Safety of Lipofilling in Patients with Breast Cancer

Lipotransfer represents a technical revolution in plastic surgery and is increasingly used worldwide. Although known for several decades, lipofilling has only recently found widespread use in patients with breast cancer to improve the results of breast reconstructions and to correct deformities after conservative treatment. The plastic surgery literature underlines the technique’s versatility and the quality of the results, showing lipofilling as an effective cosmetic procedure and proposing it as a safe, neutral biological material that is able to restore the body contour. Several studies underline the power of transferred fat to regenerate blood supply in skin disorders following radiotherapy.

Key points

  • Biological considerations: review of experimental research and translational studies.

  • Technique: differentiate the transfer technique with simple purification of the fat or an enrichment technique.

  • Clinical evaluation based on a reliable statistical method to limit the risk of bias.

  • Randomized trial is the best method but is not realistic in plastic surgery indications (patients refuse to submit to the surgeon choice).

  • Prospective studies are more reliable than retrospective studies but require long accrual periods.

  • Prospective or retrospective studies should at least be case-control studies.

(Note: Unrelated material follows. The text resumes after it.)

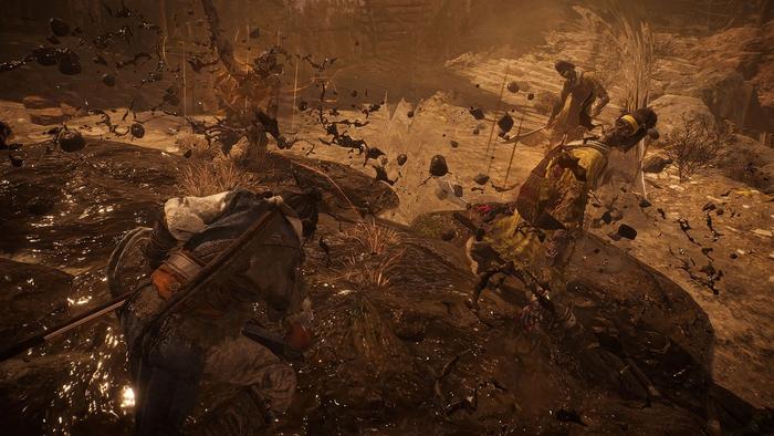 標準的な受け流しは、スピリットとして知られるスタミナ バーを増加させますが、ブロックできない攻撃を受け流すと、それらは反撃の余地が残され、スタミナ バーが枯渇します。 彼らのバーを完全に消耗させることができた場合、彼らは大きなダメージを与える 1 回の巨大な攻撃を受けることができます。 スピリット アタック、ウォ ロングの強攻撃は、最大のスピリット バーにダメージを与えるため、プレイする余地が少なくなります。 これらすべてが組み合わさって、戦闘は絶えず変化するサイクルになります。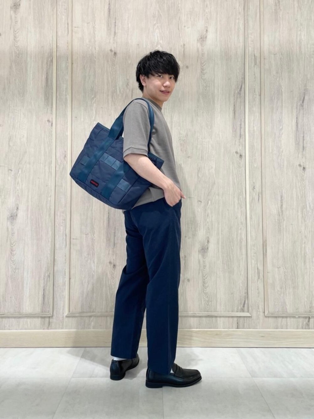 【身長】 167㎝ 【普段サイズ】 トップス:S(44)/ボトムス:S(76)/シューズ:26cm 【サイズ感】 カットソー:ややゆったり ボトムス:ややゆったり シューズ:ややゆったり 【コーディネートポイント】 袖や、裾にリブが付いたニットライクな表情のキレイめなカットソーに、シボ感のあるボトムスを合わせたスタイリングです。 ボトムスとバッグの色目を統一して落ち着きのある大人な男性をイメージしました。

  • Definitive conclusions require large series, control groups with a rigorous matching of the cancer criteria, and at least 5 years’ mean follow-up.

Introduction

Lipotransfer represents a technical revolution in plastic surgery and is increasingly used worldwide. Although known for several decades, it is only recently that lipofilling has found a widespread indication in patients with breast cancer to improve the results of breast reconstructions and to correct deformities after conservative treatment. Several publications in the plastic surgery literature underline the technique’s versatility and the quality of the results. They show the efficacy of lipofilling as a cosmetic procedure, and propose it as a safe, neutral biological material that is able to restore the body contour. Several studies underline the power of transferred fat to regenerate blood supply in skin disorders following radiotherapy. Such active regeneration of tissue can be explained by the presence of a high percentage of progenitor cells included in fat tissue. In this regard, attention must be drawn to the recent and abundant preclinical studies that show that adipose progenitor cells may promote breast cancer growth and metastasis. As recent studies have shown, white adipose tissue (WAT)–derived progenitor cells can contribute to tumor vessels, pericytes, and adipocytes, and were found to stimulate local and metastatic progression of breast cancer in several murine models. Experimental studies provide data on the endocrine, paracrine, and autocrine activity of the transplanted fat tissue. Adipocyte, preadipocyte, and progenitor cell production of adipokines and several other secretions can stimulate angiogenesis and growth of breast cancerous cells. This tumor-stroma interaction can potentially induce cancer reappearance by fueling dormant breast cancer cells in the tumor bed. A case report describes a local recurrence more than 13 years after apparent cure of an osteosarcoma, 1 year after lipofilling of the shoulder for cosmetic repair. Moreover a case-control study revealed a significant increase of local recurrences in patients with intraepithelial breast neoplasia who underwent a lipofilling procedure for breast reconstruction.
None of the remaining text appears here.